- [About this task]:
Each line below from the one containing "Ranbaxy Laboratories (Rs" through the one containing "A letter and" is to be given again exactly, and no line outside that span.

____

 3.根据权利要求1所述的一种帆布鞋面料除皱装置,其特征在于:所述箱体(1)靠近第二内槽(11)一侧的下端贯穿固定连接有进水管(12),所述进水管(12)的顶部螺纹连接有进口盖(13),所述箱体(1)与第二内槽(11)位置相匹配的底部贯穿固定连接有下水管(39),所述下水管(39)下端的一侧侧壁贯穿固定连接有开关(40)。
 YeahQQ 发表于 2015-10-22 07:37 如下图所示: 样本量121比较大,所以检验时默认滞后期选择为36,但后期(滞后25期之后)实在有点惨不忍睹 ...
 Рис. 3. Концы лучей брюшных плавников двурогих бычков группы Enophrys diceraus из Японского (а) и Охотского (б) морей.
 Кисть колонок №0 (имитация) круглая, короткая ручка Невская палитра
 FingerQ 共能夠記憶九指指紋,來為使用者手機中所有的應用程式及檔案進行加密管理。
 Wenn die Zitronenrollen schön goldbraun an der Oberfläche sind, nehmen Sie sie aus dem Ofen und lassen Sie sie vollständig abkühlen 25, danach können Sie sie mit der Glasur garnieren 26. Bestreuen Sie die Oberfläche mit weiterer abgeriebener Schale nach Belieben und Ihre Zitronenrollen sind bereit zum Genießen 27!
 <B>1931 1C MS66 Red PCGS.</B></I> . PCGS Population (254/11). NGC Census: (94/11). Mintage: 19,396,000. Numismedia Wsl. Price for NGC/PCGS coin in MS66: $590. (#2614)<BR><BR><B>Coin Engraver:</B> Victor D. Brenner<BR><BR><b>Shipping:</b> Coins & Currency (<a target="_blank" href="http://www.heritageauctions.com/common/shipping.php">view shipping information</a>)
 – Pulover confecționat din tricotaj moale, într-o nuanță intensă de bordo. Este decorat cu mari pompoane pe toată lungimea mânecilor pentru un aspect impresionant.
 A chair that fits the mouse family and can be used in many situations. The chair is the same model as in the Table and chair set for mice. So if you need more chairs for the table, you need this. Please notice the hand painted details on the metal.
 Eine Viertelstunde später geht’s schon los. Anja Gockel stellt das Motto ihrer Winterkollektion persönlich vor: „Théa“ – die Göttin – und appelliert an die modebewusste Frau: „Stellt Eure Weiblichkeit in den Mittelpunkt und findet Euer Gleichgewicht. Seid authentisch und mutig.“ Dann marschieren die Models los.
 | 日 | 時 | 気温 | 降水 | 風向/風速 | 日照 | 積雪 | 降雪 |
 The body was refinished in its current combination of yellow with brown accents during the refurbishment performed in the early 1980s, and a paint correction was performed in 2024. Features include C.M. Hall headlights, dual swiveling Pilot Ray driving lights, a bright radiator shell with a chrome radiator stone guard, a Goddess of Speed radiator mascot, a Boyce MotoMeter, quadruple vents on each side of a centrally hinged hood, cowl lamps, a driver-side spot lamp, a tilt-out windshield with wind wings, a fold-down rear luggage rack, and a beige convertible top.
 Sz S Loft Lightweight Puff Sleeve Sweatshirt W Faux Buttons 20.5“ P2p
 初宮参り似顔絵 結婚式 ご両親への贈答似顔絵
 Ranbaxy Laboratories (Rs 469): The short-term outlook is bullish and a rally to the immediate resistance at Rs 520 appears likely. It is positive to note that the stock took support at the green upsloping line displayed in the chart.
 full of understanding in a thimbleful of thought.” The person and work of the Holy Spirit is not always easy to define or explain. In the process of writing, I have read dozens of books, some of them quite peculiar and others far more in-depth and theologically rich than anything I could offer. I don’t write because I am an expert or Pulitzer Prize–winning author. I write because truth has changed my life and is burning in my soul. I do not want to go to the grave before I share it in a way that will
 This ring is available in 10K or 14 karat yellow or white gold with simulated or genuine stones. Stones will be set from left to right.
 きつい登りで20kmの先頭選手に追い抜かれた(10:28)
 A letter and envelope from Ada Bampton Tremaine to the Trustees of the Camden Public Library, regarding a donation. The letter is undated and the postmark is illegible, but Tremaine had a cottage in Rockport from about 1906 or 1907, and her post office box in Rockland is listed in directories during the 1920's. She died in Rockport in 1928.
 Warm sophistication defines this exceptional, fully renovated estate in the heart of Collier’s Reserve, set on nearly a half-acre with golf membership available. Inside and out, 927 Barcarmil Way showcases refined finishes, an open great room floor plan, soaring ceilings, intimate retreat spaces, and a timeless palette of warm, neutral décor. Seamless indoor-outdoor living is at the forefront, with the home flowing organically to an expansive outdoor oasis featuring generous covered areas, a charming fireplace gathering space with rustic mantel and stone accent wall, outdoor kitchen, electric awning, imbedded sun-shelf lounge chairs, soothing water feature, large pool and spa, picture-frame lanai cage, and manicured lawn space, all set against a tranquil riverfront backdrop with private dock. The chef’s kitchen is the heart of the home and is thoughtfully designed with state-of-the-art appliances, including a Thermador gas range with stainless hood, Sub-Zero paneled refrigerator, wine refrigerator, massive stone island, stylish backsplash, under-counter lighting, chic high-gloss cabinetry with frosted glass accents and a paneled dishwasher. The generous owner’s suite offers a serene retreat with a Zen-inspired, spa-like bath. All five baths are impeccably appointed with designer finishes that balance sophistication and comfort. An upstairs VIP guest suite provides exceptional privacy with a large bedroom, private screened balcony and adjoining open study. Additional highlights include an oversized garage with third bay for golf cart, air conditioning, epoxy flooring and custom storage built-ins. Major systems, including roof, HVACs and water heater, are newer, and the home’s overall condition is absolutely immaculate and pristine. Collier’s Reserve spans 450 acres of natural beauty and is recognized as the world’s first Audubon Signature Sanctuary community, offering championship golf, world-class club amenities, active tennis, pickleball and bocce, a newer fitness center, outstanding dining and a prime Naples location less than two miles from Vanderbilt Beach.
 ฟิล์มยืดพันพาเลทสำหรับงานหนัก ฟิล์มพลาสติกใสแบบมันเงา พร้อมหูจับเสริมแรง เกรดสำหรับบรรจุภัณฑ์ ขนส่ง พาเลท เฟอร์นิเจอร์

____

- [Result]:
 Ranbaxy Laboratories (Rs 469): The short-term outlook is bullish and a rally to the immediate resistance at Rs 520 appears likely. It is positive to note that the stock took support at the green upsloping line displayed in the chart.
 full of understanding in a thimbleful of thought.” The person and work of the Holy Spirit is not always easy to define or explain. In the process of writing, I have read dozens of books, some of them quite peculiar and others far more in-depth and theologically rich than anything I could offer. I don’t write because I am an expert or Pulitzer Prize–winning author. I write because truth has changed my life and is burning in my soul. I do not want to go to the grave before I share it in a way that will
 This ring is available in 10K or 14 karat yellow or white gold with simulated or genuine stones. Stones will be set from left to right.
 きつい登りで20kmの先頭選手に追い抜かれた(10:28)
 A letter and envelope from Ada Bampton Tremaine to the Trustees of the Camden Public Library, regarding a donation. The letter is undated and the postmark is illegible, but Tremaine had a cottage in Rockport from about 1906 or 1907, and her post office box in Rockland is listed in directories during the 1920's. She died in Rockport in 1928.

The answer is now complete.